The structure of the NAAWS requirements package:
- Local Area Defense
- High Firepower (rate and capacity)
- Multiple Channels of Fire
- Full Volume Coverage
- High Single Shot Kill Probability
- Short Reaction Time
- Short Launch Interval
- Short Kill Assessment Time
- Full Performance Close to Land
- Provide for Future Growth without Major Redesign
- Maximization of Ship’s Total Local Area Engagement Capability
- Medium Range Surveillance
- Surface Surveillance
- Large Target Handling Capacity
- Resistance to Electronic Counter Measures (ECM)
- High Availability
- Adaptive Doctrine
- Simplified Man-machine Interface
- Control by Negation
- Rapid Response to Environmental Changes
A concept design phase study indicated in broad terms what the course of this study should lead to. A design spiral was used in which, for each step and degree of detail, the objectives to be achieved were set for (1) the total system, (2) the general requirements, (3) the sensors, (4) the management/maintenance, and (5) the armament. Each sub-area of the study depended to a great extent on choices made in the other sub-areas. Hence an iterative design through concept studies was needed.

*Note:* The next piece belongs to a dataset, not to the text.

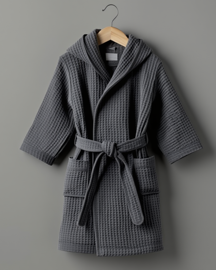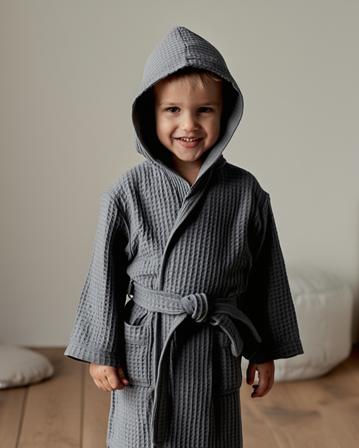 Robdishani për fëmijë nga pambuku me endje waffle ofron butësi, thithje të mirë të lagështisë dhe rehati pas banjos. I lehtë, i ajrosshëm dhe me dizajn modern, është zgjedhja perfekte për përdorim të përditshëm gjatë gjithë vitit.
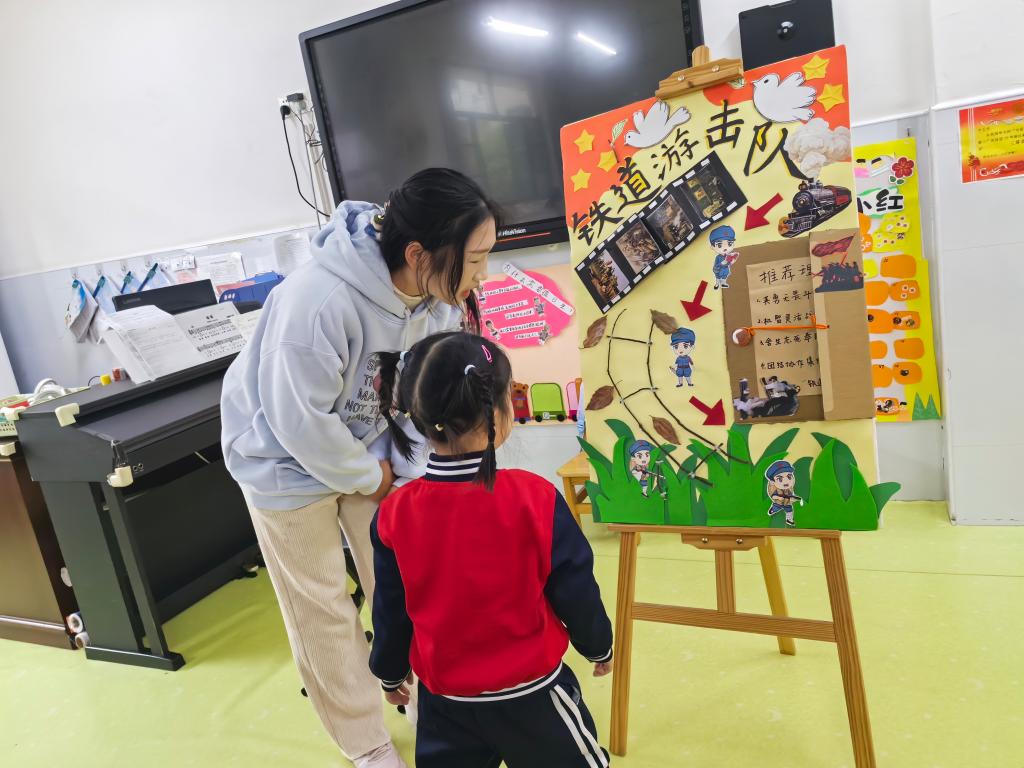 活动开始前,在四幼小小解说员的引导下,大家共同参观了幼儿园。56.nt必赢官网的志愿者们带领四幼小朋友进行了“红色工坊”手工创作,在“红色英雄故事”展板区,志愿者们为幼儿讲述红色故事,将红色种子播撒进孩子心中。

The American representation withdrew because they did not agree to keep the long-distance radar (3D-Spy1) and the tracking radars separate. They were convinced that these radar systems had to be fully integrated into one instrument column on the ship to prevent radar interferences. At the end of January 1990, this led to a split of the working group. The UK, France and Italy would work together to develop the Horizon class frigates.
On April 26, 1999, the UK withdrew from that collaboration and started to develop its own Type 45 “Daring class” frigate. Germany, the Netherlands and Spain continued working under the heading of ‘Trilateral Frigate Cooperation. In doing so, they developed their own frigates with NAAWS capacities, working together in sub-areas such as sensors. This led to the German Sachsen class, the Dutch De Zeven Provincienklasse LCFs (LuchtCommando-Fregatten), and the Spanish Álvaro-de-Bazán class (F100 class). The characteristic of these frigates is the long-distance radar behind the main structure of the ship.
In 2006, the HNLMS Tromp, one of the Dutch Seven Provinces-class frigates, participated in a test near Hawaii for which the SMART-L radar had undergone a number of software modifications. With these modifications, the radar was able to observe a ballistic missile that was launched more than 400 kilometres away and to follow it during its flight in space, a unique achievement. The SMART-L radar is capable of successfully tracking and tracking missiles 360 degrees around the naval ship, something that other radars (at that time) could not. From 2018 onwards, the detection range of ballistic missiles will be increased to 2000 kilometres by replacing the SMART-L radar with a SMART-L MM/N radar as part of the frigate mid-life upgrade. The APAR has a shorter range, but gives a full 360-degree view around the ship and is able to follow more than 100 air targets simultaneously. The Sirius infrared detection system also provides an aerial image in the case of radar emission silence. Sirius can follow approximately 30 targets simultaneously.